▶ **WHAT TO DO**: Your output should match the listing below word for word, without any images.

▶ **DATA PROVIDED**:
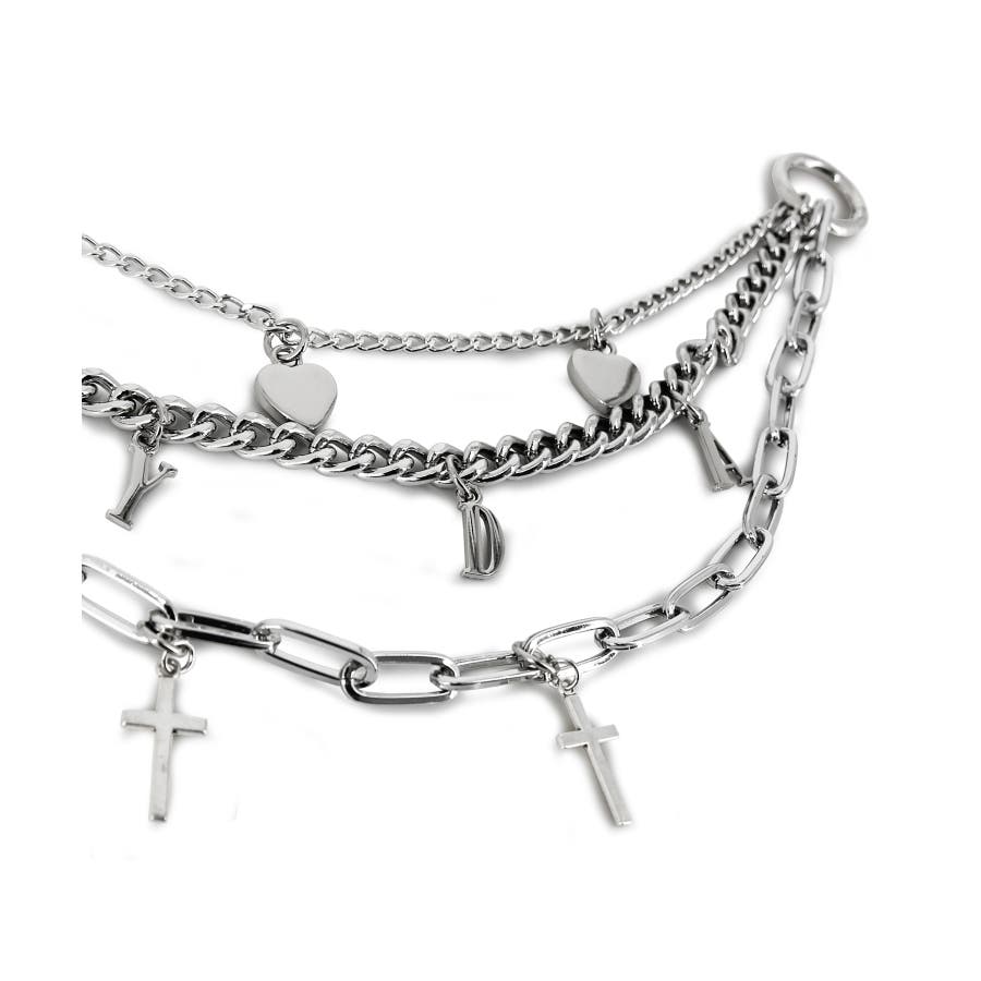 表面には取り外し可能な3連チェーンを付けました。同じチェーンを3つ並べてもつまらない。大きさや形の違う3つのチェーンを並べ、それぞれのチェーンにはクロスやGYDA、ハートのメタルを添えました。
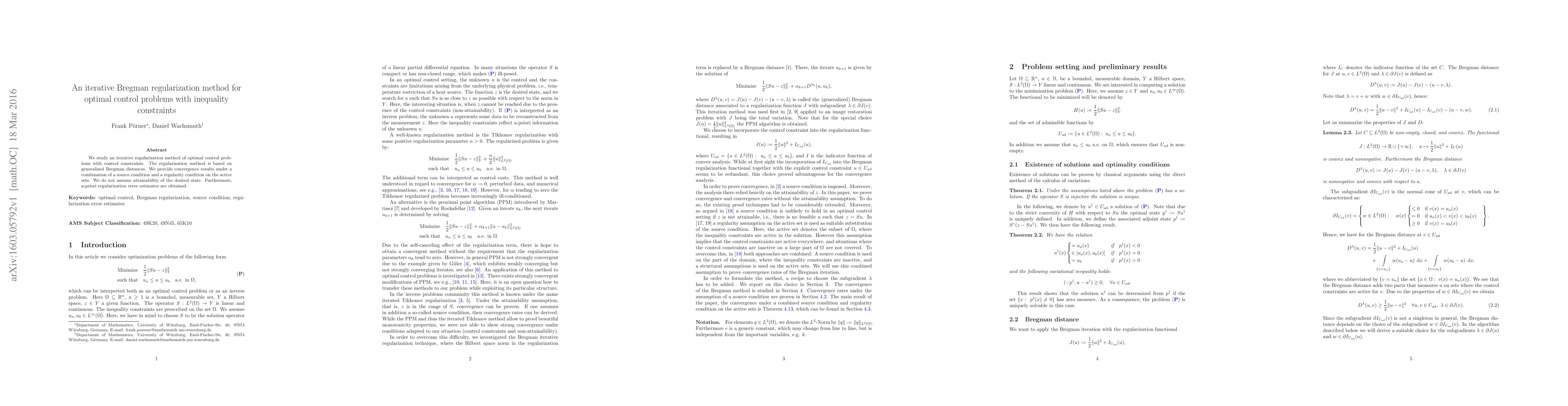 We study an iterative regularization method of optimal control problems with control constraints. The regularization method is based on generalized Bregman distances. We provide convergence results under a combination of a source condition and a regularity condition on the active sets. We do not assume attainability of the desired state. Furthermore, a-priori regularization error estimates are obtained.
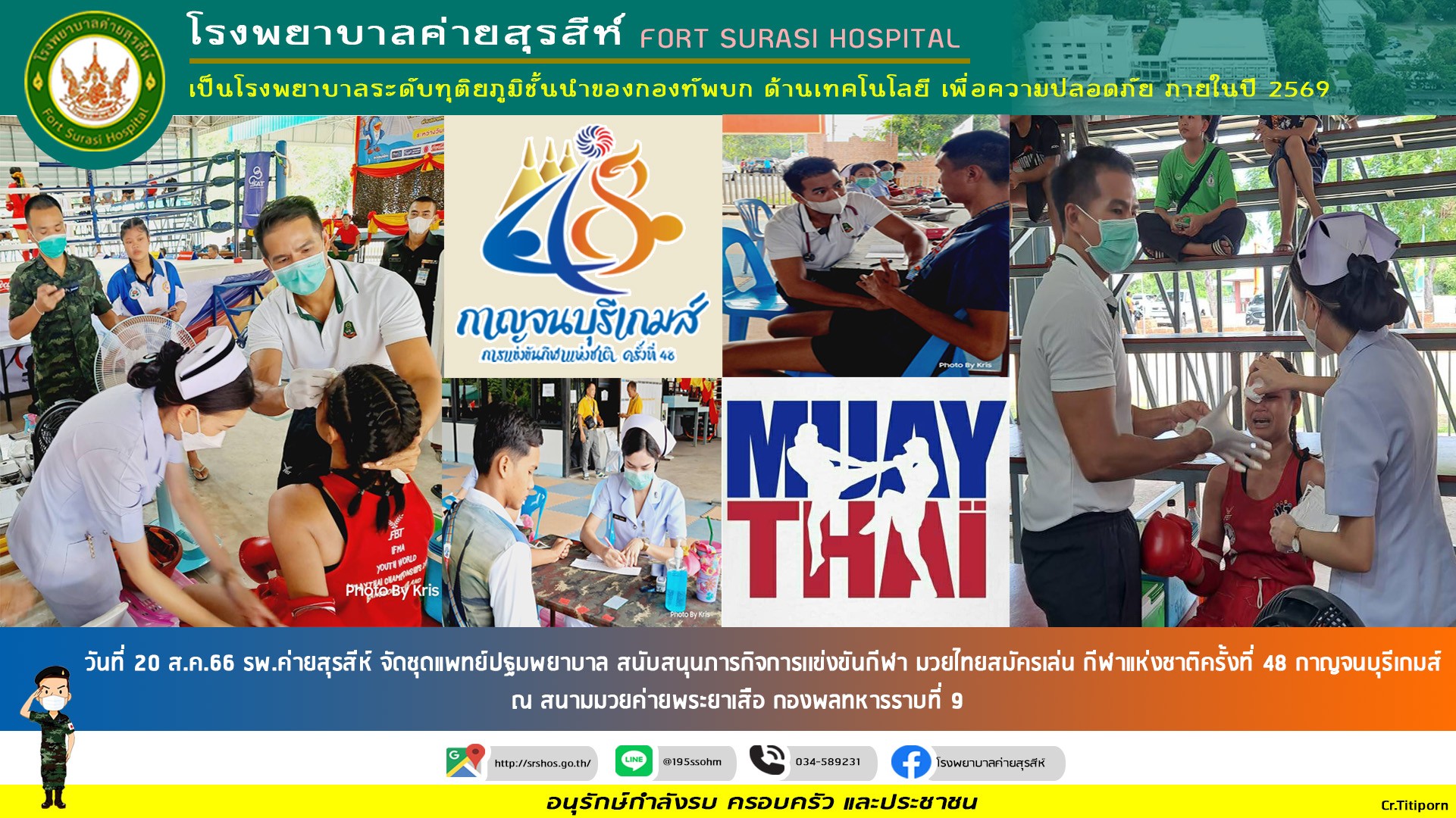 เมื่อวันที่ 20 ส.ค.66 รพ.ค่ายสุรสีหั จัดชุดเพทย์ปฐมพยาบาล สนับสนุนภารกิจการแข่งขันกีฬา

▶ **RESULT BELOW**:
 表面には取り外し可能な3連チェーンを付けました。同じチェーンを3つ並べてもつまらない。大きさや形の違う3つのチェーンを並べ、それぞれのチェーンにはクロスやGYDA、ハートのメタルを添えました。
 We study an iterative regularization method of optimal control problems with control constraints. The regularization method is based on generalized Bregman distances. We provide convergence results under a combination of a source condition and a regularity condition on the active sets. We do not assume attainability of the desired state. Furthermore, a-priori regularization error estimates are obtained.
 เมื่อวันที่ 20 ส.ค.66 รพ.ค่ายสุรสีหั จัดชุดเพทย์ปฐมพยาบาล สนับสนุนภารกิจการแข่งขันกีฬา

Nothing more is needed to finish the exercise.